PROBLEM TO SOLVE.
From the data below, return only the lines from the one with "Плоская щетка Denzel" through the one with "柄はすべて板場に生地を張り、", exact and inclusive, with pictures left out.

━━━━━ MATERIAL PROVIDED ━━━━━

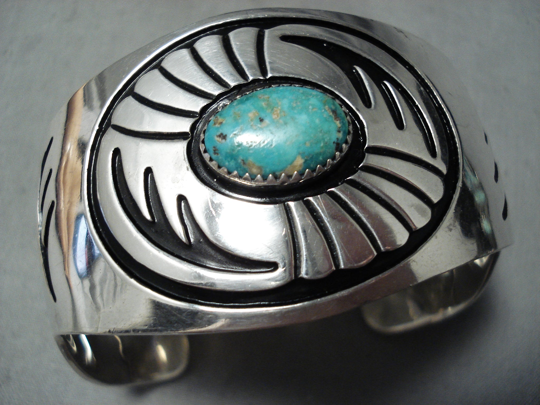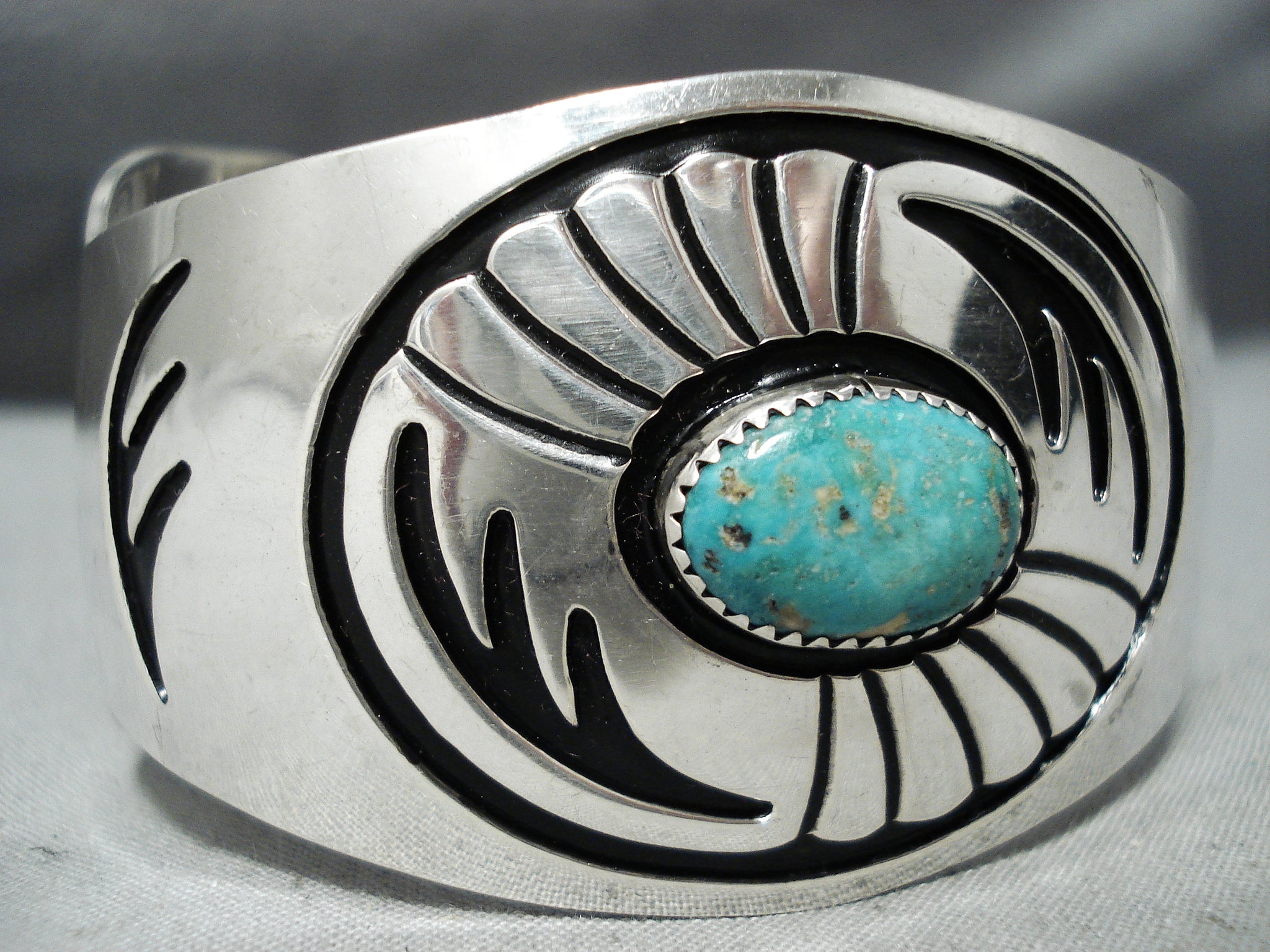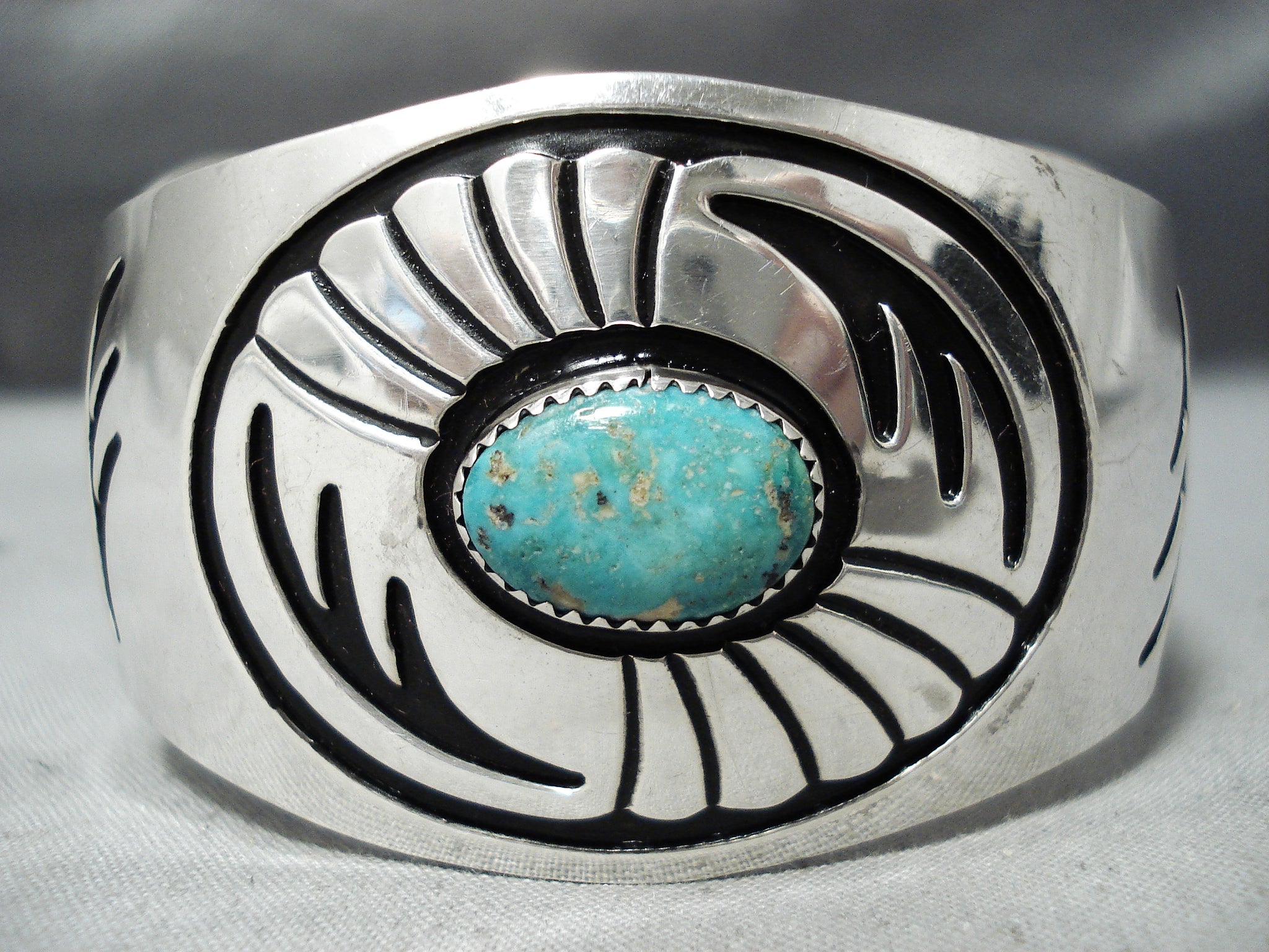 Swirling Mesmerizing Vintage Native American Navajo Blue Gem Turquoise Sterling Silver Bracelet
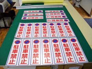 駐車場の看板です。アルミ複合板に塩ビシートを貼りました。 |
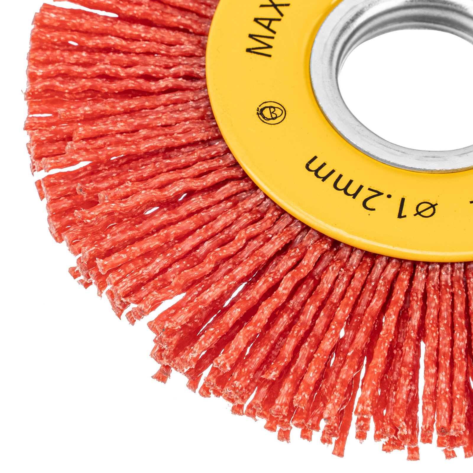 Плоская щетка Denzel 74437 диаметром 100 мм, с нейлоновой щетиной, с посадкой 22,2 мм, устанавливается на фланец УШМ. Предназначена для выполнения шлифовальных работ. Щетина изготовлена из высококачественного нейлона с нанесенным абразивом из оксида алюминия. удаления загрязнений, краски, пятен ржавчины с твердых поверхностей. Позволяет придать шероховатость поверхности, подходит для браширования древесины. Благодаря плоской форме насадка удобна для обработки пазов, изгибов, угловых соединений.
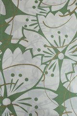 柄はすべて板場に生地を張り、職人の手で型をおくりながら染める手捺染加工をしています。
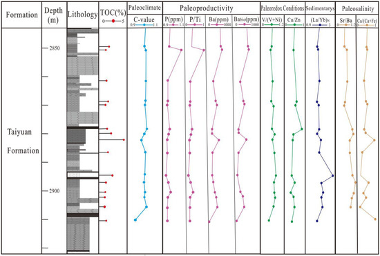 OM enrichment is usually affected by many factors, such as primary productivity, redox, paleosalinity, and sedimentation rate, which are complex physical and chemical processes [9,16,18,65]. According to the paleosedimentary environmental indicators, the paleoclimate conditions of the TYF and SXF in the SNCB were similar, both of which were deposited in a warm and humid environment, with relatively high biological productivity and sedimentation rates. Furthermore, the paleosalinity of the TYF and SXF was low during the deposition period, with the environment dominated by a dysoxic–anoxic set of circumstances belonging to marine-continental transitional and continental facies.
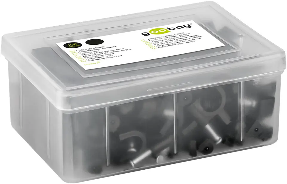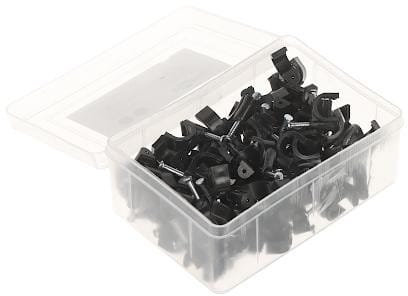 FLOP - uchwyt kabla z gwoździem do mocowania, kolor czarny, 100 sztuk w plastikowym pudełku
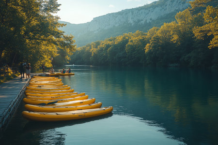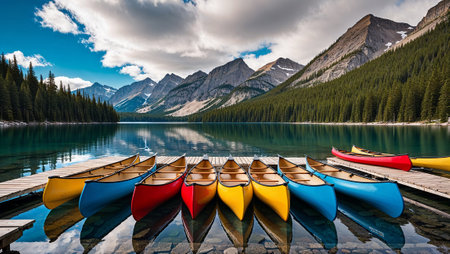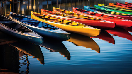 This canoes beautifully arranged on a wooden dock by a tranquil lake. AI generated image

━━━━━
━━━━━ MATERIAL PROVIDED ━━━━━

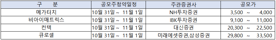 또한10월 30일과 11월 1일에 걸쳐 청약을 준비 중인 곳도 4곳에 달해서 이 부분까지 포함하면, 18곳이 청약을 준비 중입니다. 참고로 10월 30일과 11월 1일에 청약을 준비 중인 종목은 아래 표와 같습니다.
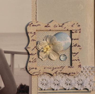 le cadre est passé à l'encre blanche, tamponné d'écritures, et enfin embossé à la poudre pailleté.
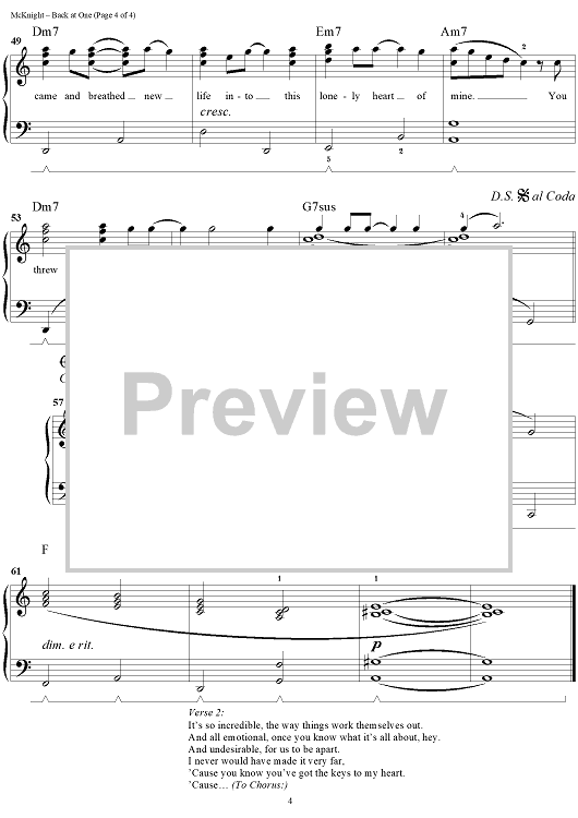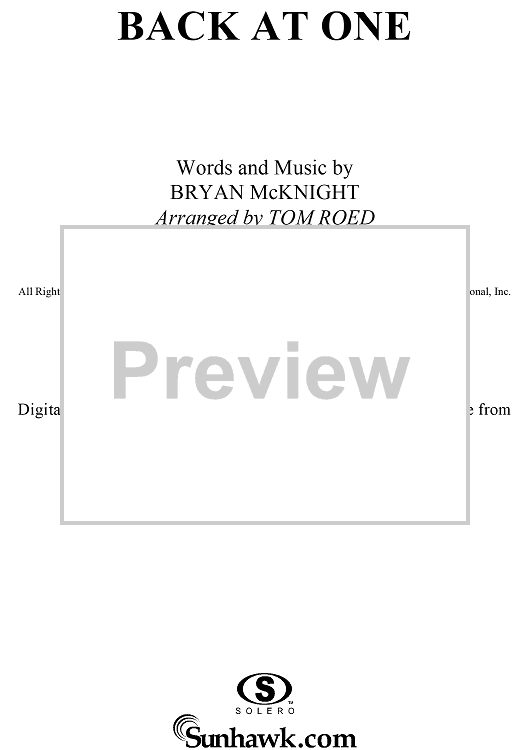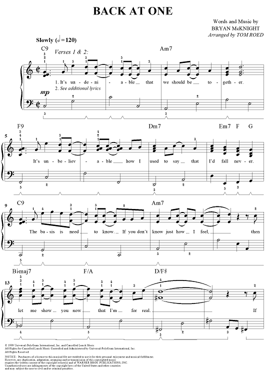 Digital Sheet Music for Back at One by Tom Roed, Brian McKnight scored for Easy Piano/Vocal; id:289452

━━━━━

OUTPUT FOR THIS EXERCISE.
 Плоская щетка Denzel 74437 диаметром 100 мм, с нейлоновой щетиной, с посадкой 22,2 мм, устанавливается на фланец УШМ. Предназначена для выполнения шлифовальных работ. Щетина изготовлена из высококачественного нейлона с нанесенным абразивом из оксида алюминия. удаления загрязнений, краски, пятен ржавчины с твердых поверхностей. Позволяет придать шероховатость поверхности, подходит для браширования древесины. Благодаря плоской форме насадка удобна для обработки пазов, изгибов, угловых соединений.
 柄はすべて板場に生地を張り、職人の手で型をおくりながら染める手捺染加工をしています。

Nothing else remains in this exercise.